Denoising Diffusion Autoencoders are Unified Self-supervised Learners (2303.09769v2)

Abstract: Inspired by recent advances in diffusion models, which are reminiscent of denoising autoencoders, we investigate whether they can acquire discriminative representations for classification via generative pre-training. This paper shows that the networks in diffusion models, namely denoising diffusion autoencoders (DDAE), are unified self-supervised learners: by pre-training on unconditional image generation, DDAE has already learned strongly linear-separable representations within its intermediate layers without auxiliary encoders, thus making diffusion pre-training emerge as a general approach for generative-and-discriminative dual learning. To validate this, we conduct linear probe and fine-tuning evaluations. Our diffusion-based approach achieves 95.9% and 50.0% linear evaluation accuracies on CIFAR-10 and Tiny-ImageNet, respectively, and is comparable to contrastive learning and masked autoencoders for the first time. Transfer learning from ImageNet also confirms the suitability of DDAE for Vision Transformers, suggesting the potential to scale DDAEs as unified foundation models. Code is available at github.com/FutureXiang/ddae.

• The paper demonstrates that DDAEs can merge generative synthesis and discriminative feature extraction, achieving 95.9% accuracy on CIFAR-10.
• It introduces a unified self-supervised framework that leverages multi-level Gaussian noise perturbations to produce linear-separable representations.
• Empirical evaluations and integration with Vision Transformers highlight DDAEs’ adaptability, scalability, and performance improvements over supervised models.

An Overview of "Denoising Diffusion Autoencoders are Unified Self-supervised Learners"

The paper "Denoising Diffusion Autoencoders are Unified Self-supervised Learners" presents a comprehensive exploration into the intersection of generative and discriminative learning using diffusion models. This research investigates the capacity of denoising diffusion autoencoders (DDAE) to serve as both generative models and feature extractors for classification tasks, proposing a unified framework for self-supervised learning.

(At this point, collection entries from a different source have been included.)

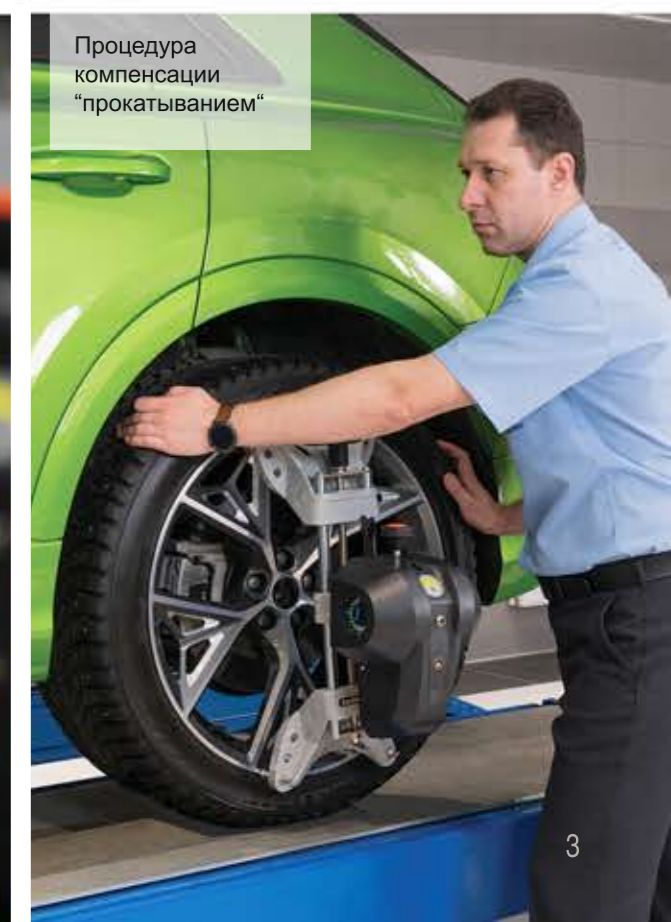
Процедура компенсации "прокатыванием"
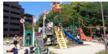
いっぱい遊びました
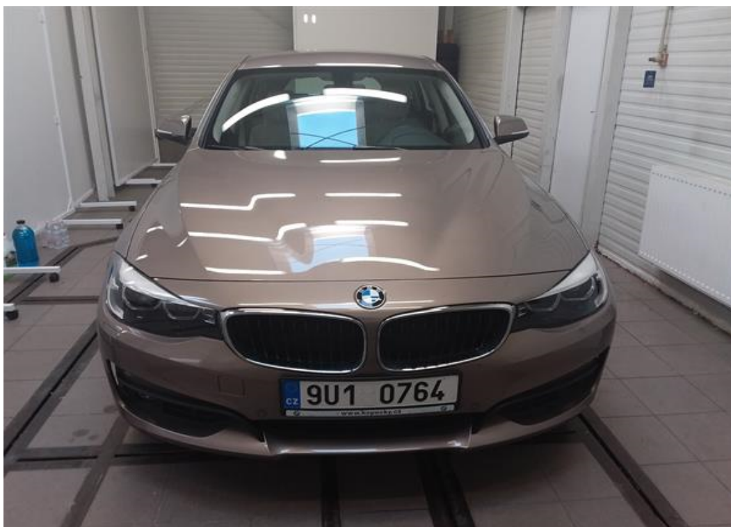
Přední část vozu
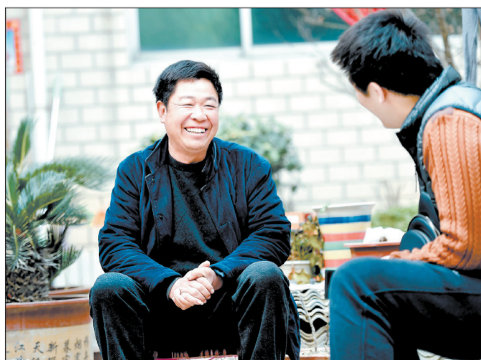
面对31万元巨款不动心的老闫(左)接受采访
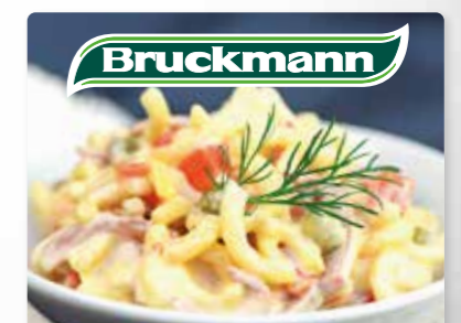
Bruckmann Nudelsalat Nudeln mit Fleischbrät, Erbsen, Paprika und Zwiebeln.
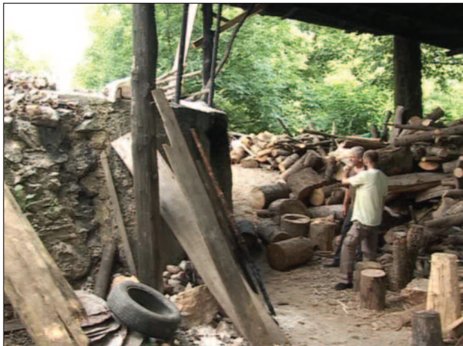
Једна од ретких породица која се бави производњом креча

дио од мог тате и чувам је већ 45 година. У воденици смо радили ја и моја супруга. Воденица ради нон стоп, јер има доста помелара, а ово је једина воденица у околини. Само сам
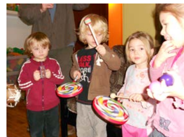
La liberté syntaxique des comptines permet à l'enfant de jouer avec les mots et les sonorités.

Dès son plus jeune âge, l'enfant est capable de taper des mains et de battre des pieds au rythme d'une comptine. Il prend alors conscience des syllabes et des sons et il fait des liens entre eux. En chantonnant, l'enfant apprend à articuler et à prononcer les consonnes de façon plus claire. L'enchaînement des mots permet à l'enfant de faire, de différentes façons, bouger sa langue et la position de ses lèvres sur les dents. Petit à petit, il en arrive à mieux prononcer les sons.
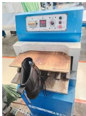
Gambar 8. Gambar upper & steam

Gambar upper yang setengah jadi setelah proses jahit (sewing) yang kemudian masuk di proses assembling. Upper tersebut dilem terlebih dahulu, setelahnya masuk ke dalam oven (pemanas) untuk mengeringkan lem dan melemaskan upper.
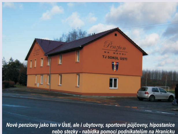
Nové penziony jako ten v Ústí, ale i ubytovny, sportovní půjčovny, hipostance nebo stezky - nabídka pomoci podnikatelům na Hranicku

pro přenocování koní turistů. Součástí mohou být prostory pro ustájení a uvázání koní turistů (výběhy, ohrady, venkovní či vnitřní boxy pevně se zemí spojené, úvaziště, apod.), zařízení pro uložení jezdecké výstroje či vybavení pro péči o koně turistů a jejich krmění. Důležitou podmínkou je, že dotace je určena buď pro zemědělské podnikatele, nebo pro jakékoliv jiné podnikatele, kteří ovšem v oblasti cestovního ruchu podnikají méně než 2 roky.
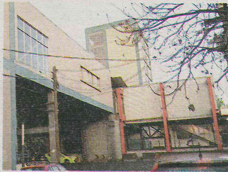
El proyecto innovador resultó un fracaso

"Accedimos ante las malas condiciones de los bajo puentes. Han sido años de abuso por parte de la empresa Accesorios Constructivos S.A. de CV. (Acco) al invadir Plaza Victoria con camiones y usarla como bodega de materiales y ofici-
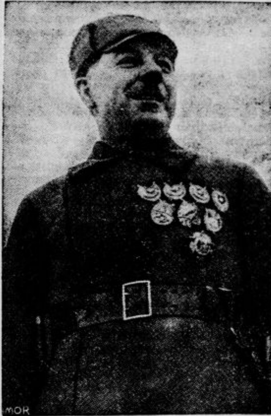
vrhovni poveljnik ruske vojske, ki je v noči od sobote na nedeljo prestopila poljsko mejo
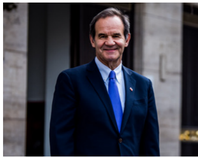
ANDRÉS ALLAMAND Ministro de Relaciones Exteriores
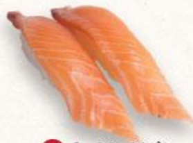
94 Sushi cá hồi Salmon
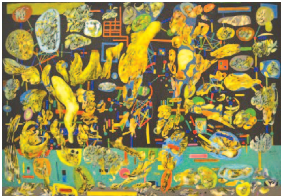
Hantai Simon: Megdermedt harmat, 1950-1951

A Szépművészeti centenáriumi Hantai Simon-kiállítása a múzeum Michelangelo-termében látható szerdától 2023. március 19-ig.

Diffusion Models and DDAEs

Diffusion models have emerged as state-of-the-art generative models, capable of producing high-fidelity images due to their multi-level denoising processes. In this framework, a series of Gaussian noise perturbations are applied to data inputs, which the model learns to invert effectively. This research extends the utility of these models to discriminative tasks by demonstrating that the intermediate layers of DDAEs can yield linear-separable features without additional encoders.

Evaluation of DDAEs

The paper presents empirical evaluations on benchmark datasets such as CIFAR-10 and Tiny-ImageNet. The authors conduct extensive experiments to determine optimal configurations for feature extraction, revealing that the combination of certain layers and noise levels significantly impacts the efficiency of linear probing.

Results:

• The DDAEs achieve 95.9% and 50.0% linear probe accuracies on CIFAR-10 and Tiny-ImageNet, respectively.
• Fine-tuning the truncated DDAE networks provides further performance improvements, surpassing supervised counterparts like WideResNet.
• The integration of DDAEs into Vision Transformers through transfer learning exemplifies their adaptability and scalability across architectures.

Analytical Insights

Key insights from the paper include the correlation between generative and discriminative capabilities. The authors observe that generative models with superior image quality tend to learn more effective representations, suggesting a deep interconnection between understanding and synthesis tasks. Ablations indicate that both noise level diversity and range contribute to improved feature learning.

Practical Implications

This research outlines several significant implications for future AI developments:

• Unified Learning Frameworks: DDAEs show potential as unified models that consolidate generative and discriminative tasks, simplifying architectures and reducing training complexity.
• Scalability with Transformers: The successful integration into Vision Transformers points toward scalable solutions applicable to large datasets.
• Efficiency and Transferability: The findings suggest pathways to leverage existing diffusion models in diverse applications beyond synthesis, such as recognition and classification.

Theoretical Speculations and Future Directions

The exploration into the potential unification of generative and discriminative learning paves the way for further research into optimizing architectures for dual-purpose tasks. The demonstrated efficacy of diffusion-based self-supervised learning could inspire the development of novel optimization strategies to enhance training efficiency, particularly within dense networks like Transformers.

Moreover, the potential alignment and uniformity in feature distributions may motivate new methodological approaches to improve feature extraction and model interpretability. Future investigations could focus on addressing current inefficiencies and further exploring pixel-space versus latent-space trade-offs in representation quality.

In conclusion, this paper highlights a promising direction in AI research, advancing the understanding of diffusion models as not only state-of-the-art generators but also as powerful discriminative learners. This dual capability could revolutionize the approach to model training, leading to more versatile, efficient, and scalable AI systems.